Showing posts with label David Maraniss. Show all posts
Showing posts with label David Maraniss. Show all posts

Tuesday, January 08, 2013

Boehner's whining is finding an audience

John Boehner, with an assist from Bob Woodward, is doing a nice job spinning the interpersonal side of his failed negotiations with Obama. While it's natural for right-wing media to take up his narrative, his spin is trickling into the mainstream, too.

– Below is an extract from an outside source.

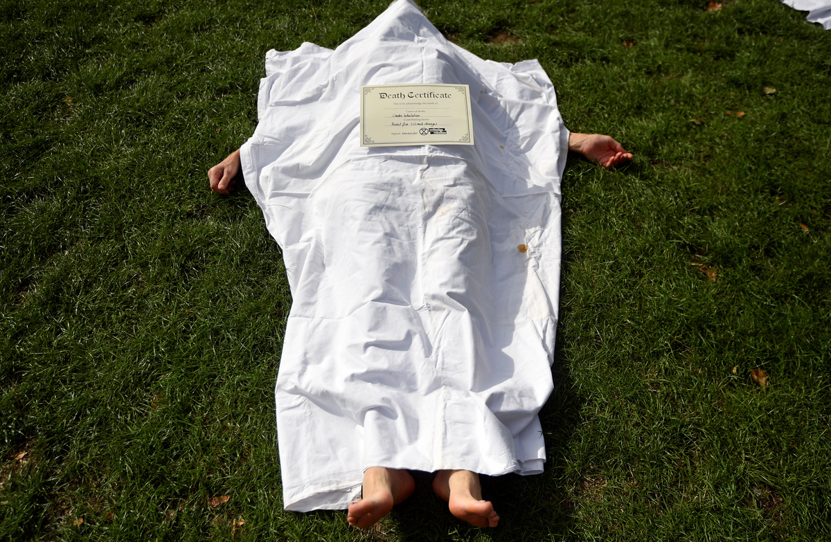 "Today we are marking the deaths of all those people who have died and will continue to die as a result of climate change and ecocide," an organizer said.

On the right, the new image of Obama the Negotiator is oddly flattering, at least to the ears of a liberal accustomed to fretting about the president's accommodating style.. The personalized corollary of the right's current view of Obama as a legislative juggernaut is Obama as an imperious, arrogant, my-way-or-the-highway stonewaller. Here's Peggy Noonan:
He didn't deepen any relationships or begin any potential alliances with Republicans, who still, actually, hold the House. The old animosity was aggravated. Some Republicans were mildly hopeful a second term might moderate those presidential attitudes that didn't quite work the first time, such as holding himself aloof from the position and predicaments of those who oppose him, while betraying an air of disdain for their arguments. He is not quick to assume good faith. Some thought his election victory might liberate him, make his approach more expansive. That didn't happen.

Sunday, December 09, 2012

Obama, intrextrovert

For a year or two, we've been awash in stories casting Obama as a singularity among politicians: a successful introvert.  He doesn't schmooze congress-folk, we read ad infinitum; he doesn't butter up billionaires, or at least doesn't keep them well buttered.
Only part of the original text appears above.